苦しくなって、嬉しくなって、何度も泣いた。
吃音でうまく話せない村内先生は、たいせつなことしか言わない。
生きづらさを抱える中学生たちの心の奥に寄り添っていくお話。

理性が出来上がっていく途中である中学生という中途半端な年頃、学校という狭いコミュニティの中では大人の世界よりも過酷な子供の残酷さがあり、例えば無意識に自分より下の存在を作っていくカースト上位群、相手の状況や気持ちに考えが及ばないことからの未熟な発言、簡単に受け流せない側の未熟さ、、
そういった全てのものから関わりを断とうにもにも断てない’狭さ’が、さらに強い苦しみの原因となる。

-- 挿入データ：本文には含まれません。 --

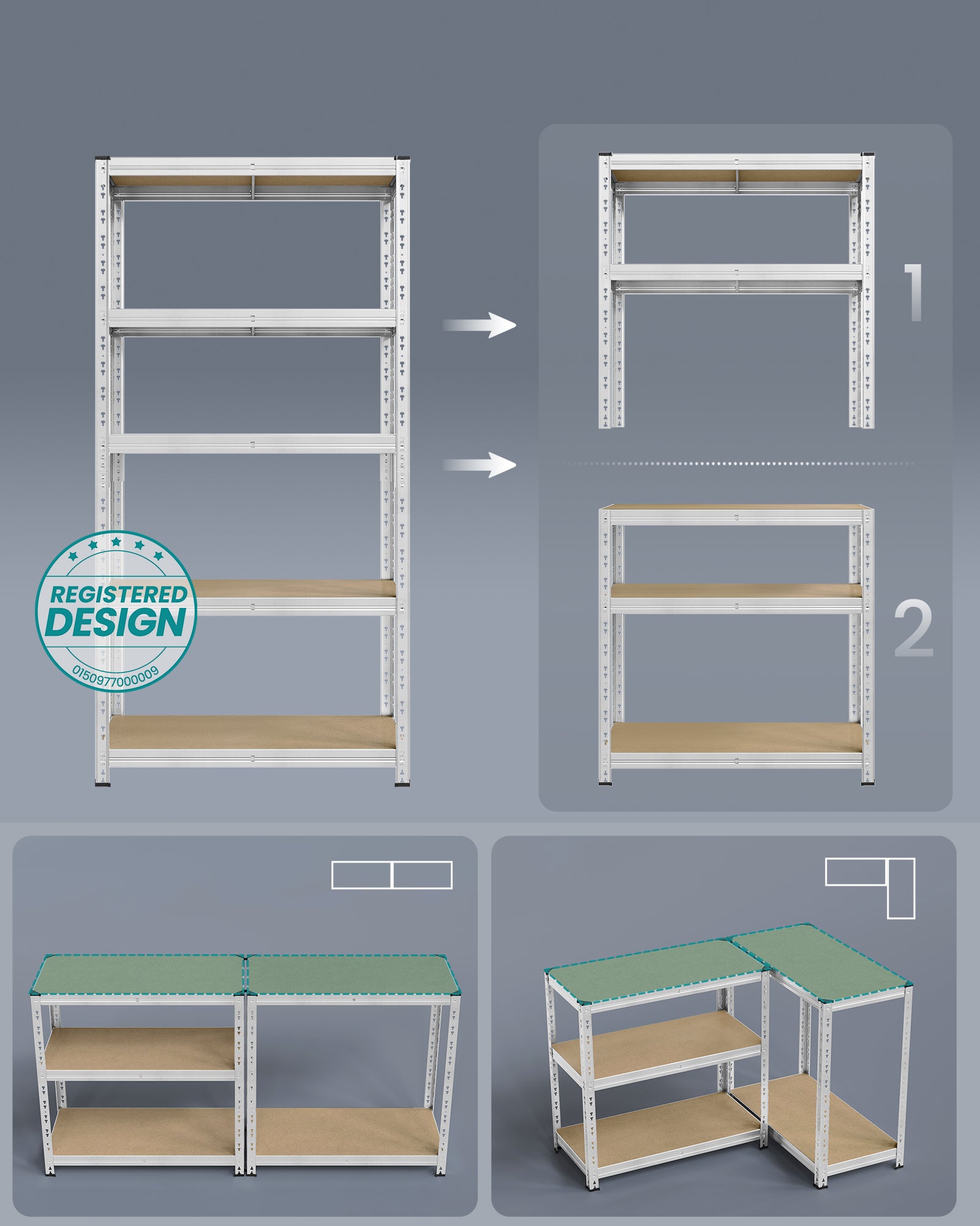 Hver værkstedsreol kan opdeles i 2 mindre enheder, så du kan opstille dem side om side, i en L-form eller placere dem i forskellige rum.

まさに本にあったとある女子の周りに全員が集まるような構図が、自分が小6の時にあった。順番に誰かを仲間はずれにしていくのに自分も途中まで加担した。順番が来て自分が仲間はずれにされた時、携帯電話の画面を歩き回って話しかけてくれるクマのアイコンだけが友達・・・なんて思ったこともあった。そのことを思い出した。(最後は思い切って離脱に成功し、離脱仲間もできて楽しく過ごせたので良かった)

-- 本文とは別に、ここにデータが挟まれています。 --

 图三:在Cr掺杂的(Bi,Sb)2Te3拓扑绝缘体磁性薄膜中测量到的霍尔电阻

少しずつ大人になるとそういうことはなくなる、少なくともあからさまなものは当然無くなる。特に今や会社のハラスメントが厳しくなっているので、ある意味理性が未成熟な生徒で構成され、簡単には罰則ともなりづらい学校の方が無法地帯だろう。

昨年2024年の日本の子どもの自殺数は527名で、歴代最多らしい。慣らすと1日1人以上の子どもが亡くなっていることになる。未遂や、そこまで至らなくても辛い思いをしている子はたくさんいるのだろう。
村内先生のように、心の奥底に寄り添ってくれる存在が、1人でも多くの子に現れますように。
自分も子を持ったら、また読み返したい本だと思いました。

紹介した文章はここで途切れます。